Unless it is a picture, every line from the start of the entries through the line with "ഷാർജയിൽ മരിച്ച ഉദുമ" must be retyped exactly.

(Collection entries)
——————

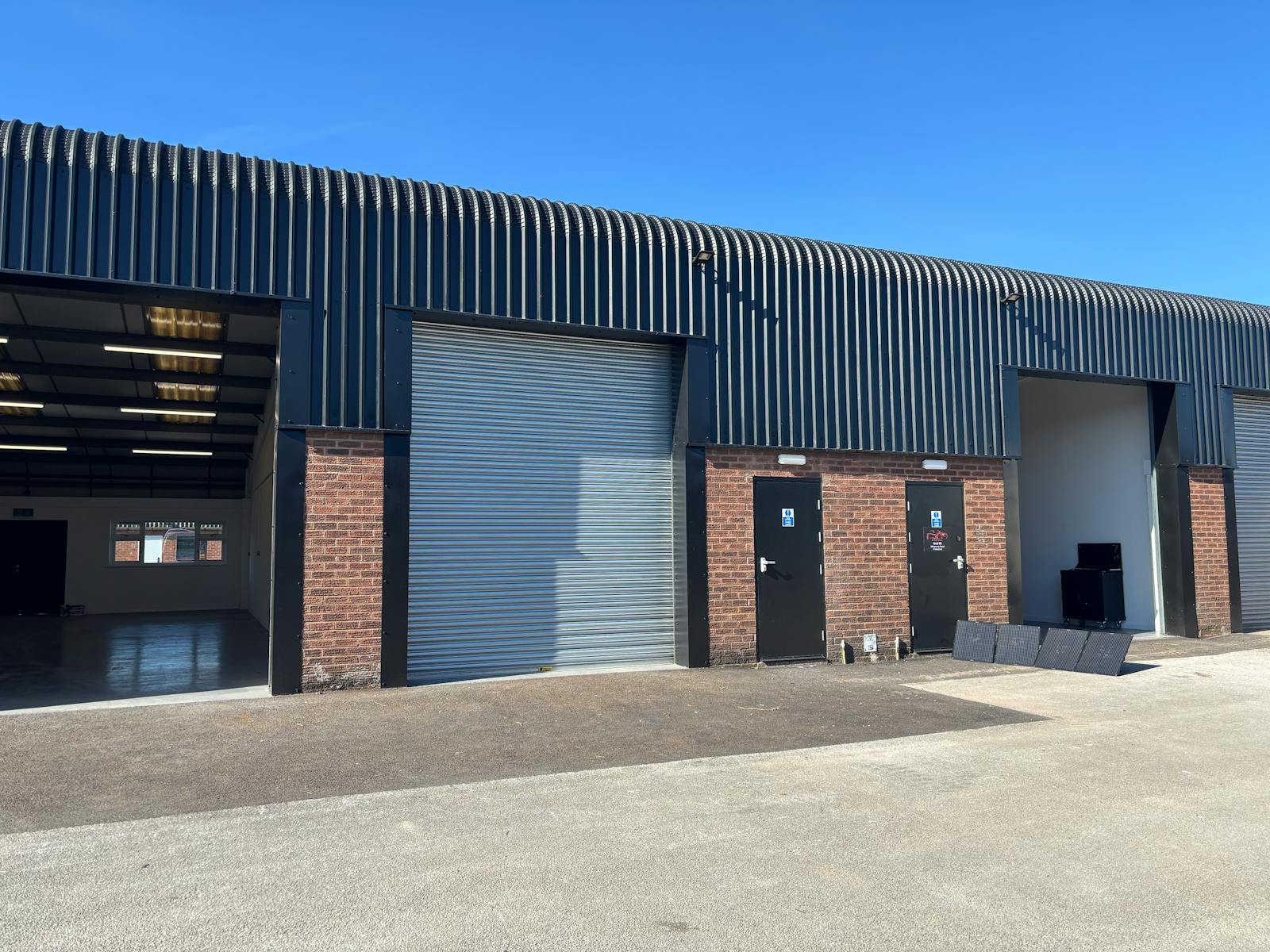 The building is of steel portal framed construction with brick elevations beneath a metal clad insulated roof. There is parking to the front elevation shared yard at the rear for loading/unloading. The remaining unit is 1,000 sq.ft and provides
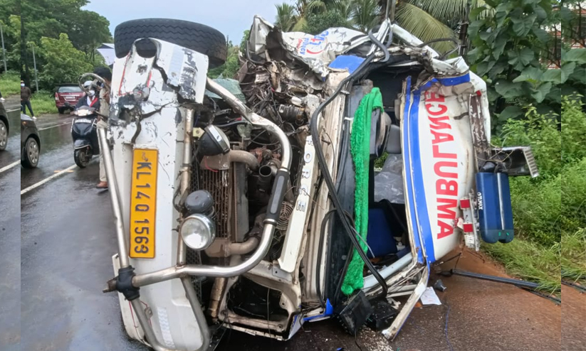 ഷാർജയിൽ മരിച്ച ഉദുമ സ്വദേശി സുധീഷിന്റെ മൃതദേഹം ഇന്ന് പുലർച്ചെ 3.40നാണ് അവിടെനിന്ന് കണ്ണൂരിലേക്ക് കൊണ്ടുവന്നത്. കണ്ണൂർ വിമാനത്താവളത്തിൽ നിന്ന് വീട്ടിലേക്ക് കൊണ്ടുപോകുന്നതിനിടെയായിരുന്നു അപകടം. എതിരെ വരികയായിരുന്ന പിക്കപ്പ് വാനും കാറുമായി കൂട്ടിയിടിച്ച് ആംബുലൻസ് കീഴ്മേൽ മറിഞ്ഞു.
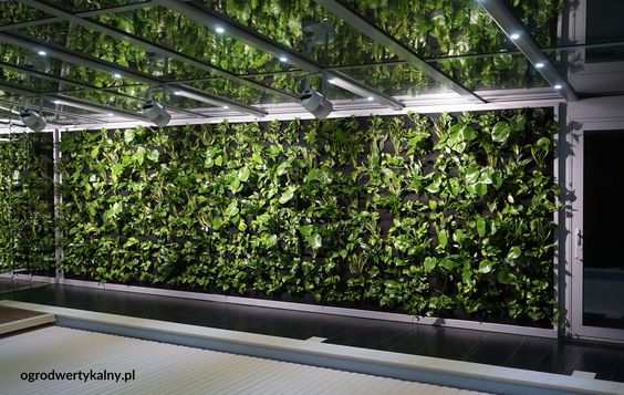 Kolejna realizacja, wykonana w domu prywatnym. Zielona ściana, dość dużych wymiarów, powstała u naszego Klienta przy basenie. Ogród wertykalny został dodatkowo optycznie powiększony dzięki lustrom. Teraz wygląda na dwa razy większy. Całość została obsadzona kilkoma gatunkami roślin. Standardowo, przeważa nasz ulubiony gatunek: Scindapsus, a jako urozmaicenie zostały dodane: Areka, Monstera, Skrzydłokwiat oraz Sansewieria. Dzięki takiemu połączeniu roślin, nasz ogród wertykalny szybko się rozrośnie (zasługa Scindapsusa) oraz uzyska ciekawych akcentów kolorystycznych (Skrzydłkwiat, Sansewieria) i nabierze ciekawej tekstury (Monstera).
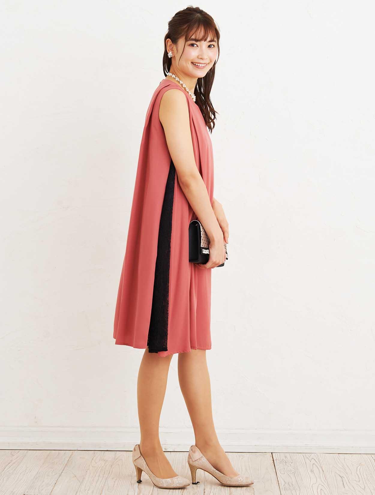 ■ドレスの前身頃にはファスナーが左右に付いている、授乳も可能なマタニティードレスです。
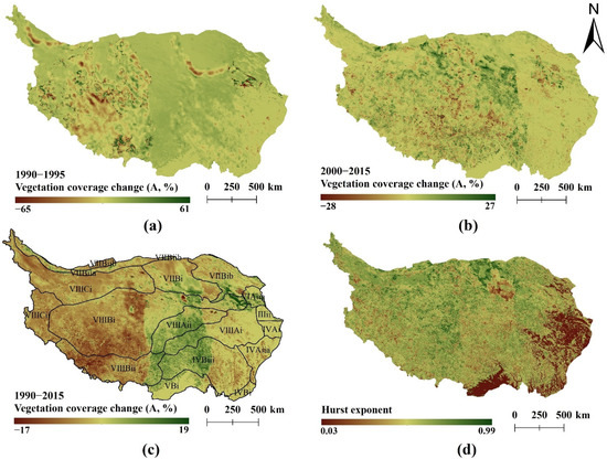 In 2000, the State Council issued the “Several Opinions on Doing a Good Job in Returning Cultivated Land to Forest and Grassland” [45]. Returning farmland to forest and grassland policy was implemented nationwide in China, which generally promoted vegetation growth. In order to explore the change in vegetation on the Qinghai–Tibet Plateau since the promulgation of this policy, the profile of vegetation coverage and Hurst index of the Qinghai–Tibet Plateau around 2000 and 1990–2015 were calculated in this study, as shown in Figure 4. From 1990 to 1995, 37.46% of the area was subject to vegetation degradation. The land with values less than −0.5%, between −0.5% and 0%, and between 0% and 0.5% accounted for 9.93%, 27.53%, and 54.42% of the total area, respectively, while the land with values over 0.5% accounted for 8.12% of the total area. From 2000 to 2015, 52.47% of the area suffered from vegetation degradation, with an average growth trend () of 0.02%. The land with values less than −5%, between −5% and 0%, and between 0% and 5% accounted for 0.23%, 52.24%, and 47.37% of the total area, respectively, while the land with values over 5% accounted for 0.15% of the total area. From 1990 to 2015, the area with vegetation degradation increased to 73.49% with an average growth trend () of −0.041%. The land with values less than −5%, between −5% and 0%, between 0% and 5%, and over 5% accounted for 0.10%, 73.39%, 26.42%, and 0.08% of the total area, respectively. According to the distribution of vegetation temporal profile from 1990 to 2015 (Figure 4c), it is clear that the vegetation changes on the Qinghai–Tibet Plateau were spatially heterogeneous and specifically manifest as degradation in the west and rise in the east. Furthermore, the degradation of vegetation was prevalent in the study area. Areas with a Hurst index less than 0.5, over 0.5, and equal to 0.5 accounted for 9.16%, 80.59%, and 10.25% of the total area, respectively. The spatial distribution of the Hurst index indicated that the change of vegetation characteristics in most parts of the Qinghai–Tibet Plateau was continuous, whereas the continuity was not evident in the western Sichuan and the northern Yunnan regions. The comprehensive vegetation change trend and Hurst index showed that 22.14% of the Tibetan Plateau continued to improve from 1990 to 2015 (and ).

——————

| Exercise output |
 The building is of steel portal framed construction with brick elevations beneath a metal clad insulated roof. There is parking to the front elevation shared yard at the rear for loading/unloading. The remaining unit is 1,000 sq.ft and provides
 ഷാർജയിൽ മരിച്ച ഉദുമ സ്വദേശി സുധീഷിന്റെ മൃതദേഹം ഇന്ന് പുലർച്ചെ 3.40നാണ് അവിടെനിന്ന് കണ്ണൂരിലേക്ക് കൊണ്ടുവന്നത്. കണ്ണൂർ വിമാനത്താവളത്തിൽ നിന്ന് വീട്ടിലേക്ക് കൊണ്ടുപോകുന്നതിനിടെയായിരുന്നു അപകടം. എതിരെ വരികയായിരുന്ന പിക്കപ്പ് വാനും കാറുമായി കൂട്ടിയിടിച്ച് ആംബുലൻസ് കീഴ്മേൽ മറിഞ്ഞു.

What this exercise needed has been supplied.